The bright oranges, blues and other vivid shades of Volume’s third-person levels are far from cheerful every inch of its virtual space exists to perform a function. In a microsecond, you can scan all the available cover in each level, parse all the waist-high objects and begin to see pathways between enemy vision cones. It’s an aesthetic designed to let you see the world as the heroes of all stealth games must surely see it in order to do what they do. “It’s kind of like the Sherlock Holmes movies in terms of what they do to make his thought process very visible,” Bithell explains. “It makes the viewer feel very clever even though they’re not Sherlock Holmes.” That same principle is applied to Volume: “You’re not a master spy, so I’m going to give you all the information I can to make you feel really comfortable in the environment and aware of your surroundings. I guess it’s the stealth equivalent of auto-aim in a shooter.”
Geometric System
Bithell cites Dutch painter Piet Mondrian’s grid-based neoplasticist paintings as an inspiration for Thomas Was Alone’s simple geometric look, but the starting point for Volume’s visual design is much closer to home and a lot more painful to stand on. As a teenager, Bithell worshipped the Metal Gear Solid games, so he naturally pored over the additional materials bundled with MGS2: Sons Of Liberty when it was released and found a video showing Hideo Kojima planning out levels with Lego bricks. Brightly coloured, modular, easily rebuilt Lego bricks. The effect on Bithell was profound, and an early design brief for Volume was created right then and there albeit in his head.

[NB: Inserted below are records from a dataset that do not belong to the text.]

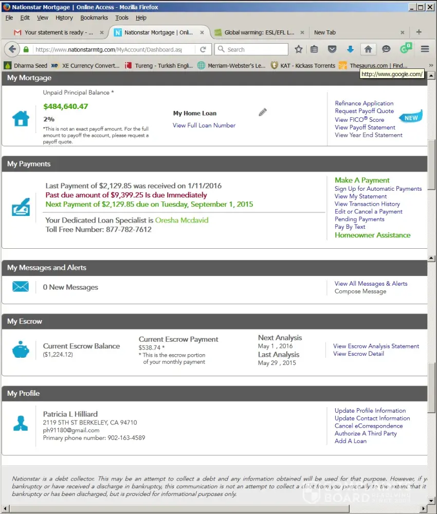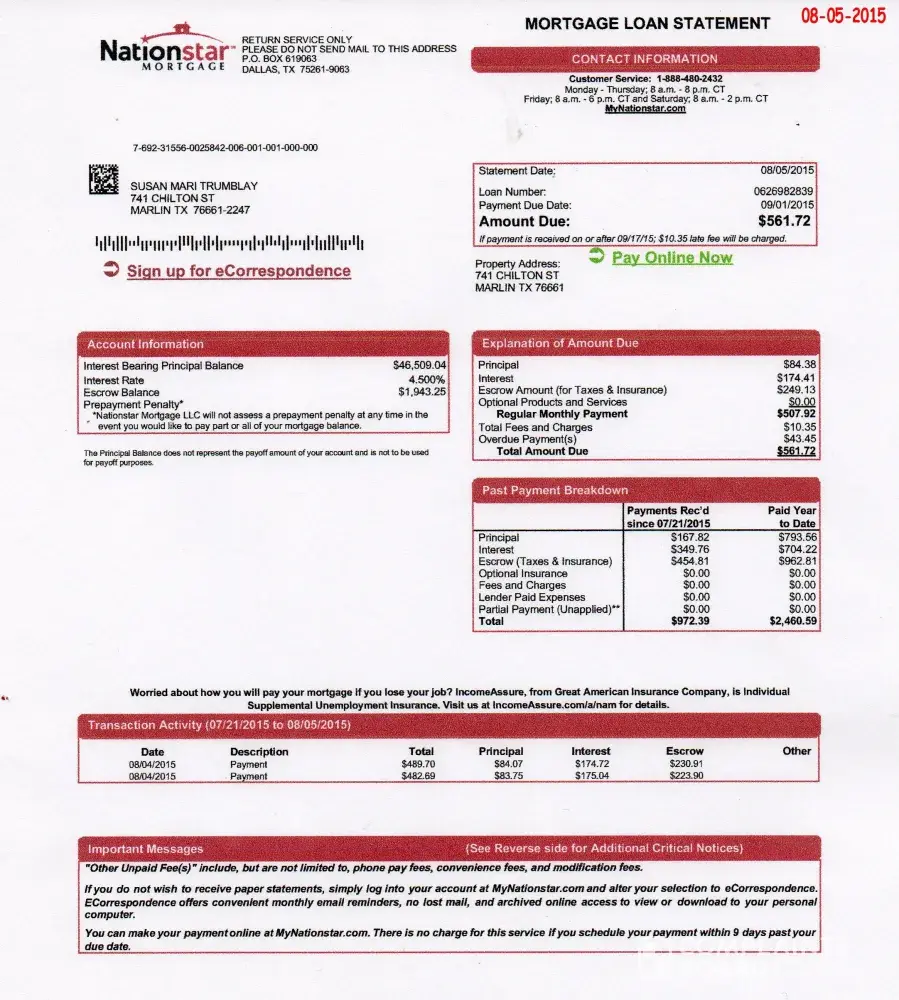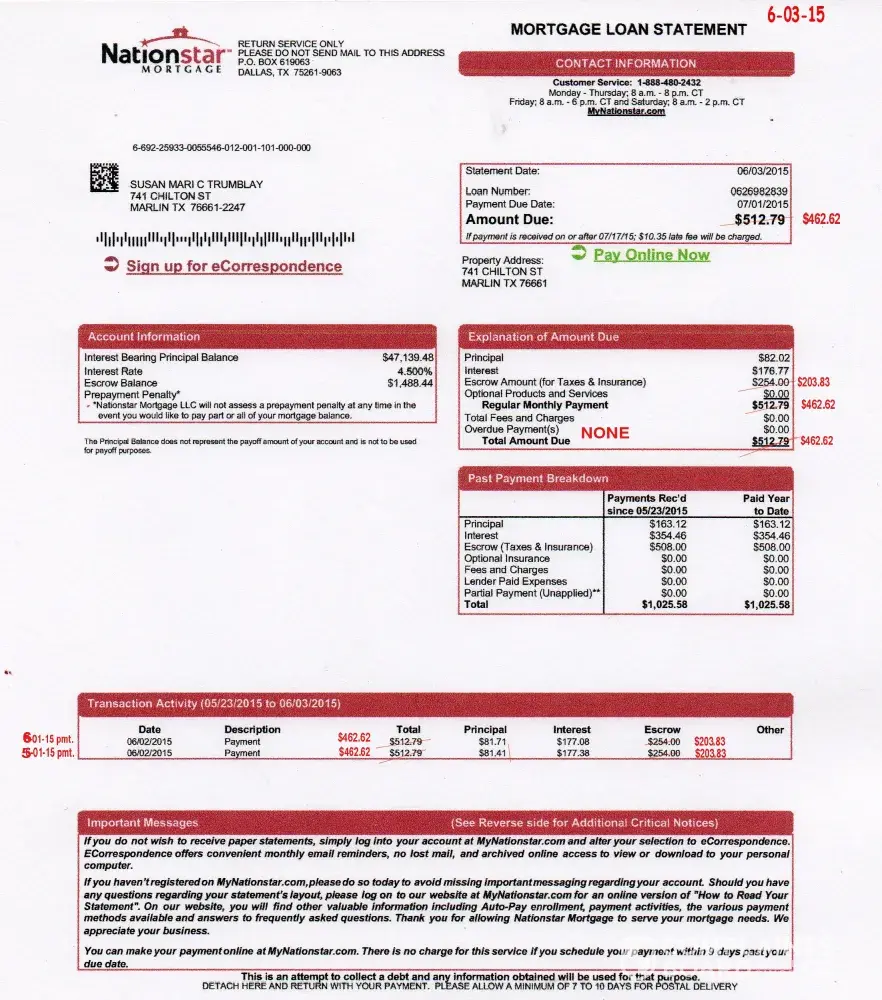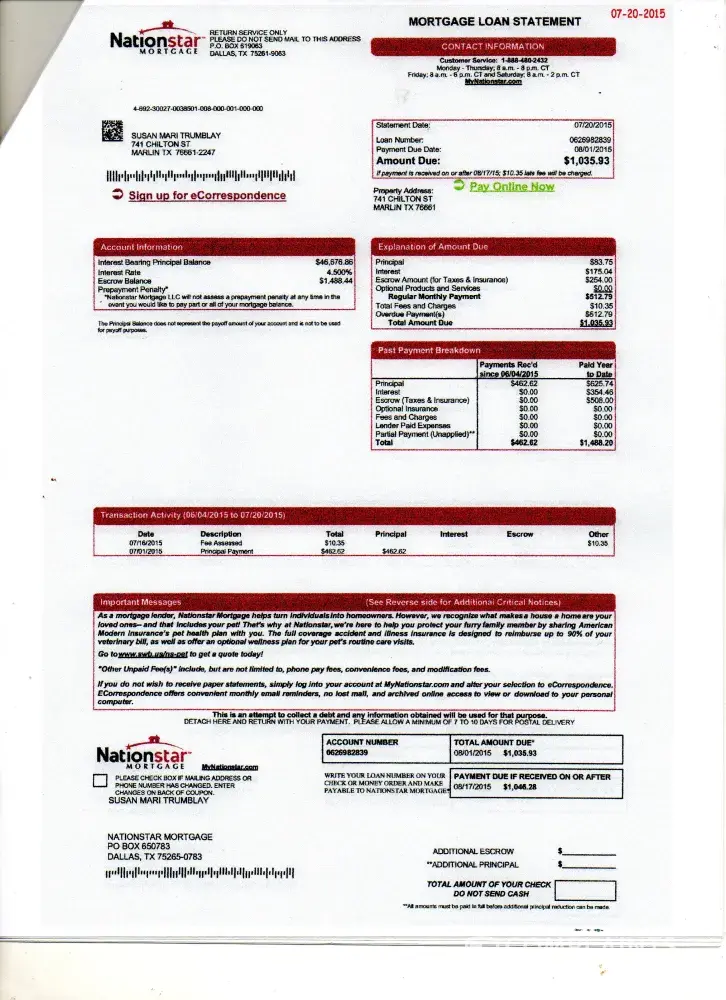 Our mortgage was moved from Ocwen (let's not even go there) to Nationstar. All started fairly well. Then about 4 months ago, the letters, emails and phone calls started about: do you need help paying your mortgage? your payment is late!
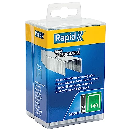 Rapid High-Performance Staples for Insulation, Thin Plastics, Cardboard and Carpets Flatwire No. 140, Leg Length 12mm, Staple Gun Staples, Galvanised Steel, 5000 Pieces, Plastic Box (40303091)
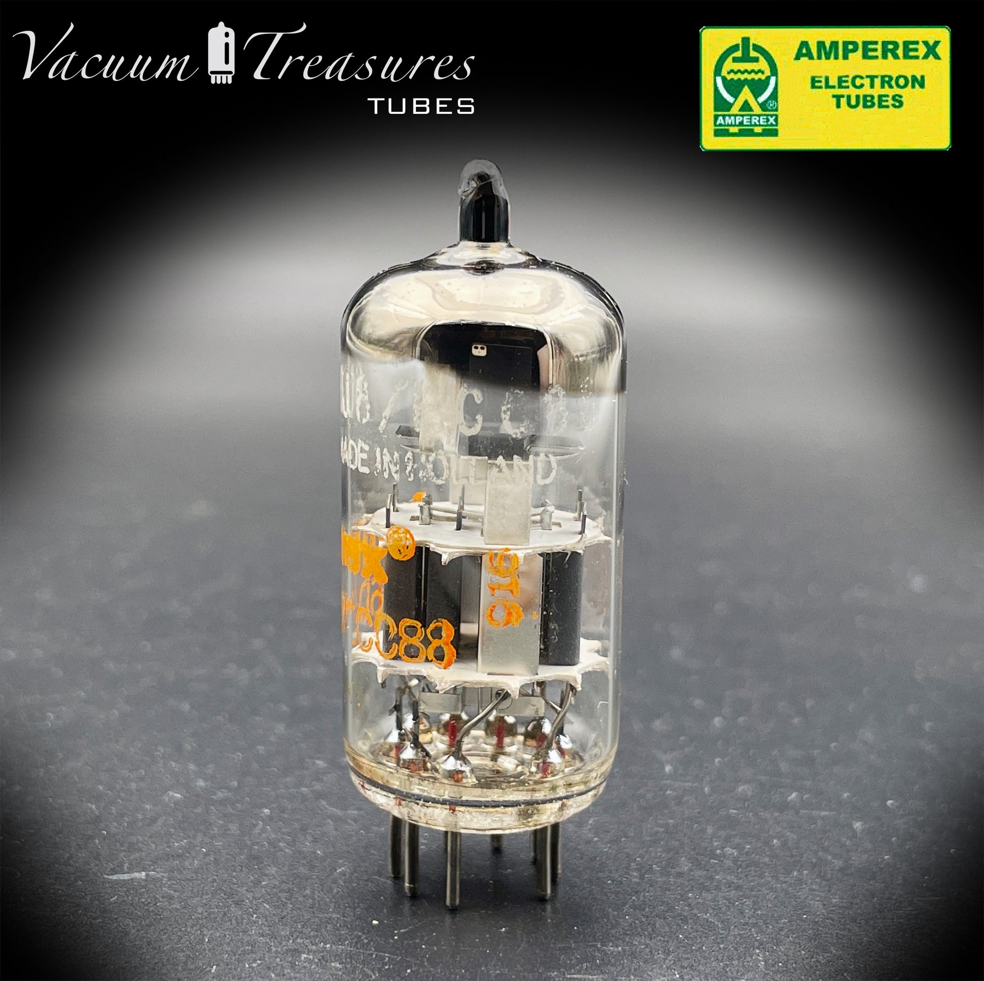 ECC88 6DJ8 NOS AMPEREX Disc Getter AMPLITREX Tested Tube Made in HOLLAND '60s

Without that prior knowledge you might not see the studded choking hazard’s influence on Volume as immediately as you might see Metal Gear Solid’s, but once you’ve been made aware of it you can’t un-see it. User-generated content is a massive part of Volume’s vision. Cyber-sleuths will play not just Bithell’s levels, but their own ‘remixed’ creations, and those of others. It’s cyberpunk Lego.

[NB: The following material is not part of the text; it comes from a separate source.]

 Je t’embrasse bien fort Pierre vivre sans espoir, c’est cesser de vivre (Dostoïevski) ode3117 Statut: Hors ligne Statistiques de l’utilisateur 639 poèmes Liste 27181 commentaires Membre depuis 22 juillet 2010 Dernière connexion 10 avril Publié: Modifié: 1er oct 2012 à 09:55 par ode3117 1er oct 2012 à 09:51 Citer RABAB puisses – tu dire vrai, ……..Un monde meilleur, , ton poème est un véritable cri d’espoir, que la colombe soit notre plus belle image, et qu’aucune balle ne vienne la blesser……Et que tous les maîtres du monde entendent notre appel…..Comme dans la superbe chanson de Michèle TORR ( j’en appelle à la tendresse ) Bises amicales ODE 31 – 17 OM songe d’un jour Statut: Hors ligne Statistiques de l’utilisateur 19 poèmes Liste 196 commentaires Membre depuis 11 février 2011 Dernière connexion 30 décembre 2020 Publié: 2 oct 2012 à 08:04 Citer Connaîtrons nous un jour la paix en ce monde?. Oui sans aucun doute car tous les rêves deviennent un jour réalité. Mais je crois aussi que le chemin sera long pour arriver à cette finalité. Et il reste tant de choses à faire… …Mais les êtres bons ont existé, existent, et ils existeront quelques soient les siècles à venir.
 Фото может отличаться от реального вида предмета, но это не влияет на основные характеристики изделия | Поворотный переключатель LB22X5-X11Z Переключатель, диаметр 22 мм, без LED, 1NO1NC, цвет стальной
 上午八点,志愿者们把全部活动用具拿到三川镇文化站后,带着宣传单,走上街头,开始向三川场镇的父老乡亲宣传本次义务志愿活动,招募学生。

The MGS influence is front and centre, though. Locksley, represented like everyone else with a peculiar, fragmented holographic overlay augmenting his physical form, moves like Solid Snake. You feel that you’re steering him as you had to steer the PS1’s great and good, rather than sending him from one canned animation to the next. And although he does have some useful tools at his disposal such as a bugle you can throw and then trigger to make a sound in a faraway location, and the ‘folly’ trip mine, deployed between any two walls success in one of Volume’s compact and intense levels comes down to more actual sneaking than deploying high-powered gadgetry. From hopping in wardrobes and diving beneath floorboards rather than tagging enemies and letting the multi-headshot QTE play out. It’s defiantly old school.
No true Scotsman
When it releases, it’ll almost certainly fuel that ongoing and heated conversation about ‘true’ stealth games a debate esoteric to the genre. Call Of Duty might have its detractors, but it never faces criticism for not being a true shooter, so why do stealth games have to prove themselves on those terms? “It’s a reactionary thing,” says Bithell. “Stealth is probably the mainstream genre that’s shifted the most since its inception. Obviously as part of researching this project I went back and played the original Metal Gear Solid… which feels so different and so far removed even from what I remember it being like, and specifically from stealth games now.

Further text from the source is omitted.